Source records:
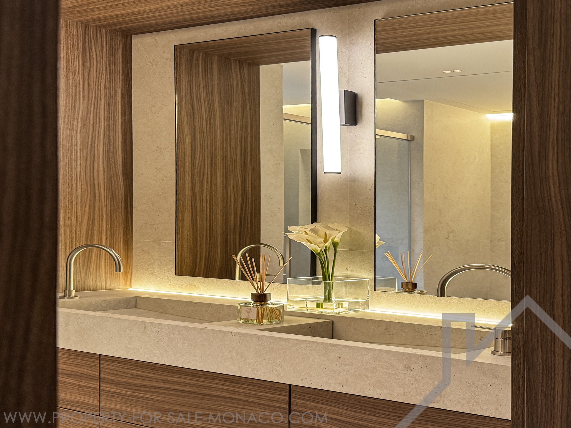 La propriété comprend deux chambres magnifiquement aménagées et trois salles de bains contemporaines, ainsi qu’une cuisine entièrement équipée alliant confort et style. Les espaces de vie lumineux et ouverts s’ouvrent sur une grande terrasse en angle, véritable point fort de la résidence. Depuis celle-ci, la vue panoramique s’étend sur le Port Hercule, les yachts scintillants et le célèbre Rocher de Monaco, offrant un spectacle époustouflant de jour comme de nuit.
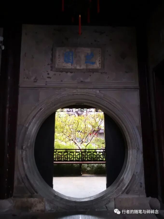 鴛鴦廳南是花園,三邊不高的雲牆隔出一天井,相對二雲牆各有一方洞門。
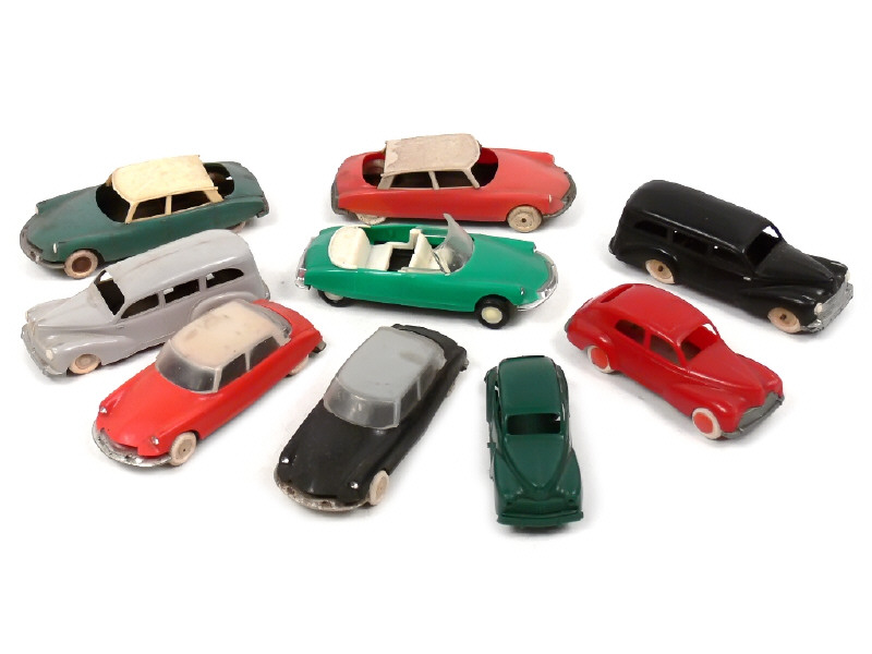 états de 'B' à 'D' - comprend : CITROEN DS 19 (4 exemplaires différents), CITROEN DS 19 cabriolet, PEUGEOT 203 berline (2 exemplaires différents) & PEUGEOT 203 commerciale (2 exemplaires différents) - on y retrouve les marques : MINIALUXE, CLE & BS - un véhicule avec moteur à friction (fonctionne) - quelques carrosseries déformées & poussiéreuses - traces d'oxydation sur plusieurs axes de roues
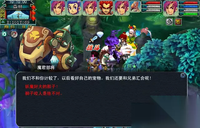 战斗结束后,在坐标〔101,69〕找到魔君部将
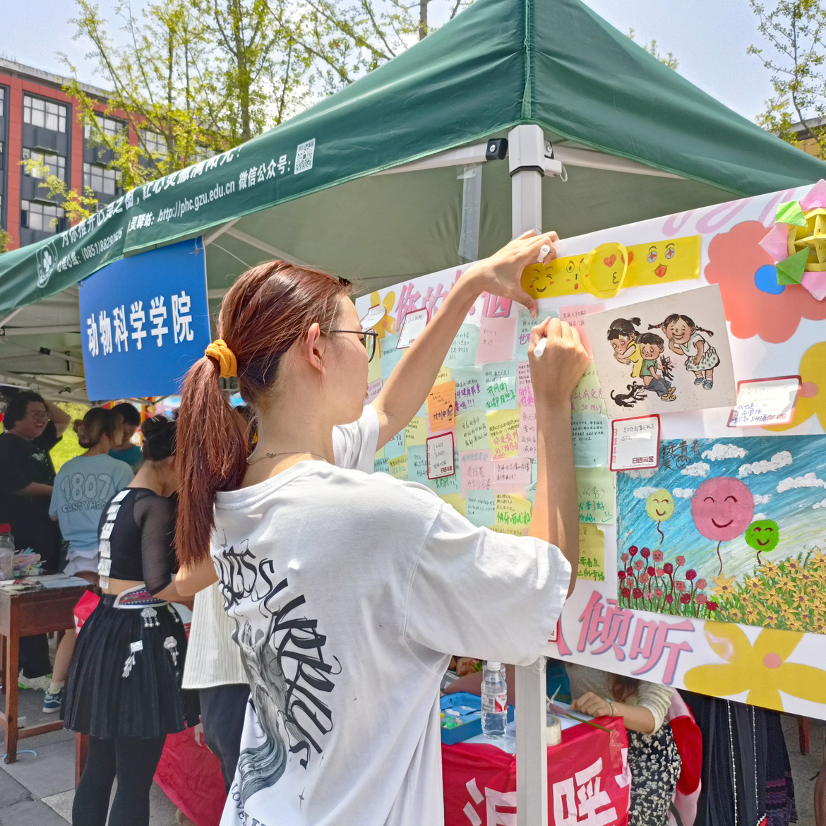 本次活动是学院心理健康系列活动中的又一项活动。工作人员将前两次活动中收集到的烦恼便利贴与笑脸墙作品粘贴上墙,并提前准备了各种精美小礼品。参与活动的同学通过回复展示板上的烦恼便利贴参与活动,倾听来自陌生朋友的烦恼,用自己的力量鼓励陌生的他(她)!
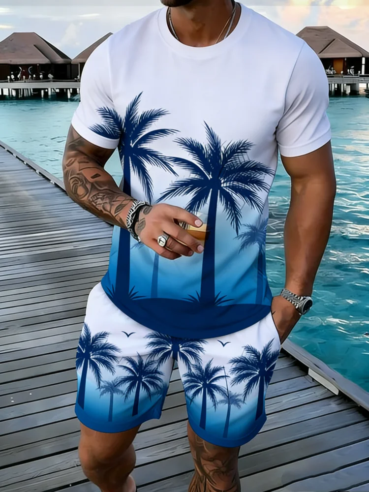 Populaire T-shirtsets met kokospalmprint Hawaii-stijl T-shirts Outfits Zomervakantie Tweedelige sets Heet verkoop herenkleding
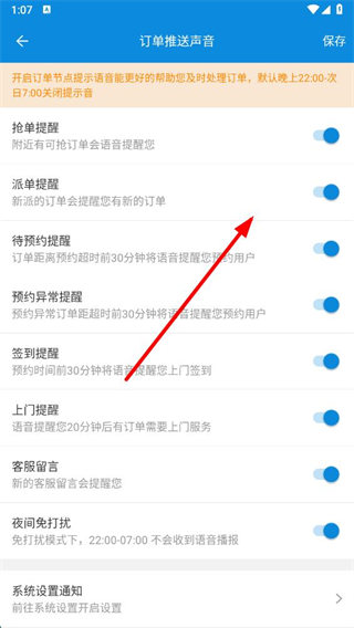 4、在订单推送声音页面,将抢单提醒、派单提醒等各项语音提醒的开关关闭,即可关闭语音播报。

[Exercise directions] The exact lines from the one containing "本次活动是学院心理健康系列活" through the end of the data are to be copied, with both ends kept and pictures left out.

[Your solution]
 本次活动是学院心理健康系列活动中的又一项活动。工作人员将前两次活动中收集到的烦恼便利贴与笑脸墙作品粘贴上墙,并提前准备了各种精美小礼品。参与活动的同学通过回复展示板上的烦恼便利贴参与活动,倾听来自陌生朋友的烦恼,用自己的力量鼓励陌生的他(她)!
 Populaire T-shirtsets met kokospalmprint Hawaii-stijl T-shirts Outfits Zomervakantie Tweedelige sets Heet verkoop herenkleding
 4、在订单推送声音页面,将抢单提醒、派单提醒等各项语音提醒的开关关闭,即可关闭语音播报。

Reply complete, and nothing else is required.